By Gabby Rivera; $19.99
Riverdale Avenue Books; 266 pages
Juliet Takes a Breath is amazing on so many levels, but most remarkably because it's author Gabby Rivera's first book. Sure, Rivera's been writing for years, lately for Autostraddle, but the voice of Juliet Milagros Palante incredibly strong and vibrant and will hopefully help generations of queer youth ( of color or otherwise ) find themselves and get radical all at once.
Juliet's finishing her first year of college. She's Puerto Rican, and from the Bronx. She's done two audacious things: fall in love with a girl, Lainie, and write to the author of her favorite feminist text: the improbably named Harlowe Brisbane, scribe behind Raging Flower: Empowering Your Pussy By Empowering Your Mind. OK, the satire is strong with this book: Harlowe and her Portland compatriots talk like a social justice smorgasbord, but it's clearly on purpose and not at all bad writing. Portland, interning with Harlowe for the summer, is where Juliet ends up, but not before a hit-and-run coming out to her traditional Bronx family during her going-away dinner.

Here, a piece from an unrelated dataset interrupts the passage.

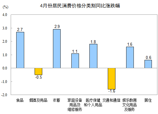 4月份,非食品價格同比上漲0.9%。其中,衣著、醫療保健和個人用品、娛樂教育文化用品及服務、家庭設備用品及維修服務、居住價格分別上漲2.9%、1.8%、1.6%、1.1%和0.6%;交通和通信、煙酒及用品價格分別下降1.6%和0.5%。

Predictably, once in Portland, Lainie breaks up with her and, less predictably, Juliet confronts the reality of being one of only a few people of color in hipster city. Education comes fast and hard for our heroinepreferred pronouns, poly relationships, banana republics?and betrayal is a constant. In the course of her research projects, Juliet stumbles across a biker dyke librarian, Kira, and Puerto Rican activist Lolita Lebron. Both are inspiring in very different ways. Eventually, sudden and inevitable betrayal takes Juliet on an impromptu trip to Miami for a rendezvous with her woke activist cousin Ava, who fills in the gaps in her queer knowledge bank and provides her that all-important first queer haircut. Thus equipped, Juliet returns to Portland and finally becomes who she's meant to be all along: a less-doubtful dyke who loves herself.
This book will possibly be the first time a young queer kid is introduced to intersectionality, polyamory and privilege in the same fictional storyline. Juliet is a kick-ass, hilarious role model of a fiercely intelligent young person wading through morasses of feminist and queer theory. Is the storyline a little impractical? Yes, but that's YA, which deserves more fantasies of queer purple-haired motorcyling librarians. And Rivera clearly waded through these same morasses, which is why she can skewer them so well.
Pick up Juliet Takes a Breath to be amused, validated and enlightened, no matter how old you are; however, young dykes of color might particularly appreciate this book.